**WORK TO COMPLETE:** Copy the data exactly as it appears, and do not include any pictures.

**EXCERPTED DATA:**

----------

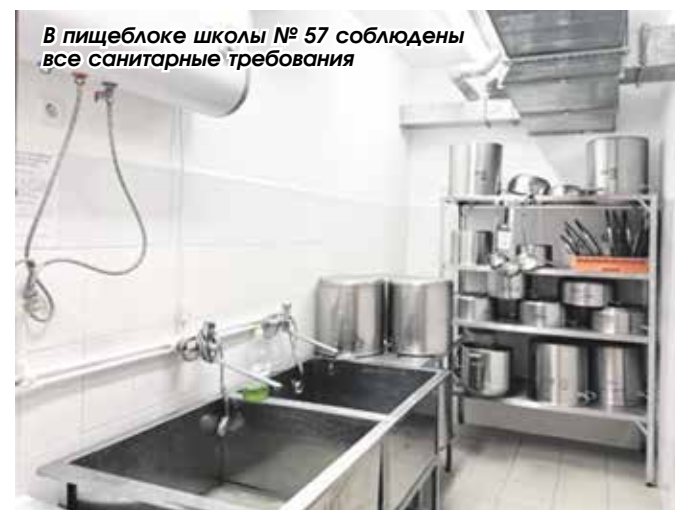
В пищеблоке школы № 57 соблюдены все санитарные требования
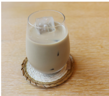
●ソイラテ (HOT/ICE) ¥900
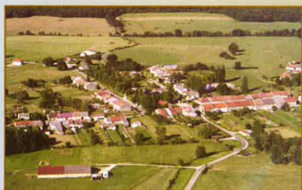
Vue aérienne.

Beaufort-en-Argonne est un petit village blotti à l'orée de l'immense forêt du Dieulet. L'actuel territoire de la commune (1.100 ha) résulte d'un essartage (ou défrichement) de cette forêt au cours des siècles, d'où les fréquents toponymes sarts relevés sur le plan communal. Beaufort est la plus ancienne commune libre du département puisque sa charte d'affranchissement date de 1188. Elle était administrée par une communauté d'échevins et non par un seigneur. Le village possède quelques vestiges anciens, comme le château et le moulin. La population (178 habitants) est stable depuis plusieurs années. L'activité principale est surtout tournée vers l'agriculture (une dizaine d'exploitations agricoles) mais de nombreux salariés sont occupés dans les industries locales, la papeterie de Stenay et la laiterie de Cléry (Guy SANTOIRE).
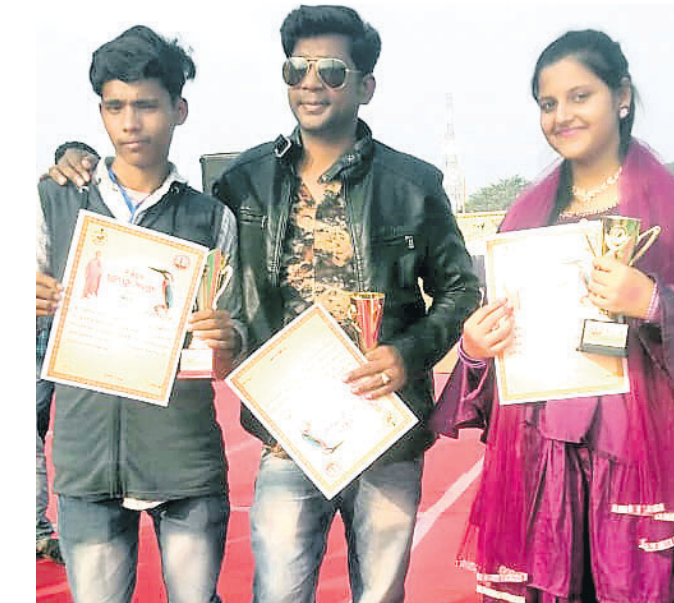
ଜାତୀୟସ୍ତରରେ ଭାଗନେବାକୁ ମନୋନୀତ ହୋଇଥିବା ୩ ପ୍ରତିଯୋଗୀ ।

ଛୋଟ ବେଳୁ ନୃତ୍ୟ ପ୍ରତି ଆଗ୍ରହ ତାଙ୍କୁ ପହଞ୍ଚାଇଛି ଜାତୀୟସ୍ତରରେ । ମାତ୍ର ୧୪ ବର୍ଷ ବୟସରେ ସେ ନିଜକୁ ଜାତୀୟସ୍ତରରେ ପ୍ରତିଯୋଗିତାରେ ଭାଗନେବାକୁ ଯୋଗ୍ୟ ବିବେଚିତ
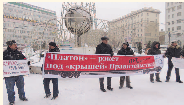
НА ФОТО: «ПЛАТОН» — ЕЩЕ ОДИН НАЛОГ
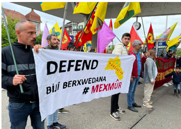
Protest in Solothurn gegen die Angriffe auf Mexmûr.
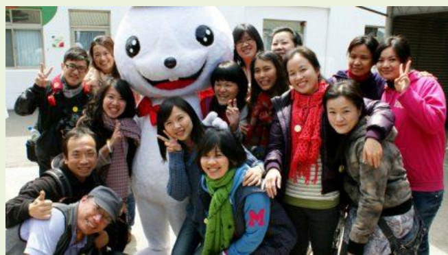
【魔法天使】志工培訓交流—氣球博物館參訪
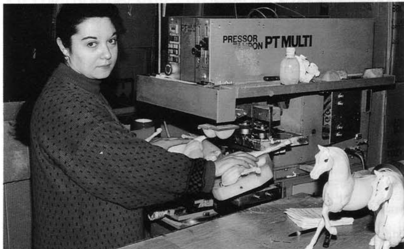
La rifinitura e l'incollaggio dei giocattoli.

fornitore di qualità. Il '91 è l'anno della ripresa, con gli oltre centomila giocattoli prodotti ed i quattordici dipendenti, il doppio dell'anno precedente.
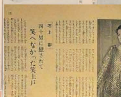
流線形恋愛レビュー（松竹少女歌劇）
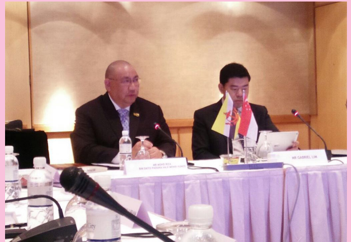
SEMASA Mesyuarat Jawatankuasa Teknikal Bersama Mengenai Kerjasama Dalam Bidang Penyiaran dan Penerangan Kali Ke-27.
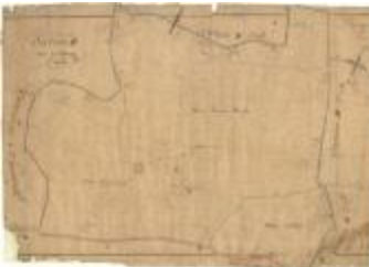
Kadastrale kaart van Beveren (Beveren_SectionD_3eFeuille)

----------

**TASK RESULT:**
В пищеблоке школы № 57 соблюдены все санитарные требования
●ソイラテ (HOT/ICE) ¥900
Vue aérienne.

Beaufort-en-Argonne est un petit village blotti à l'orée de l'immense forêt du Dieulet. L'actuel territoire de la commune (1.100 ha) résulte d'un essartage (ou défrichement) de cette forêt au cours des siècles, d'où les fréquents toponymes sarts relevés sur le plan communal. Beaufort est la plus ancienne commune libre du département puisque sa charte d'affranchissement date de 1188. Elle était administrée par une communauté d'échevins et non par un seigneur. Le village possède quelques vestiges anciens, comme le château et le moulin. La population (178 habitants) est stable depuis plusieurs années. L'activité principale est surtout tournée vers l'agriculture (une dizaine d'exploitations agricoles) mais de nombreux salariés sont occupés dans les industries locales, la papeterie de Stenay et la laiterie de Cléry (Guy SANTOIRE).
ଜାତୀୟସ୍ତରରେ ଭାଗନେବାକୁ ମନୋନୀତ ହୋଇଥିବା ୩ ପ୍ରତିଯୋଗୀ ।

ଛୋଟ ବେଳୁ ନୃତ୍ୟ ପ୍ରତି ଆଗ୍ରହ ତାଙ୍କୁ ପହଞ୍ଚାଇଛି ଜାତୀୟସ୍ତରରେ । ମାତ୍ର ୧୪ ବର୍ଷ ବୟସରେ ସେ ନିଜକୁ ଜାତୀୟସ୍ତରରେ ପ୍ରତିଯୋଗିତାରେ ଭାଗନେବାକୁ ଯୋଗ୍ୟ ବିବେଚିତ
НА ФОТО: «ПЛАТОН» — ЕЩЕ ОДИН НАЛОГ
Protest in Solothurn gegen die Angriffe auf Mexmûr.
【魔法天使】志工培訓交流—氣球博物館參訪
La rifinitura e l'incollaggio dei giocattoli.

fornitore di qualità. Il '91 è l'anno della ripresa, con gli oltre centomila giocattoli prodotti ed i quattordici dipendenti, il doppio dell'anno precedente.
流線形恋愛レビュー（松竹少女歌劇）
SEMASA Mesyuarat Jawatankuasa Teknikal Bersama Mengenai Kerjasama Dalam Bidang Penyiaran dan Penerangan Kali Ke-27.
Kadastrale kaart van Beveren (Beveren_SectionD_3eFeuille)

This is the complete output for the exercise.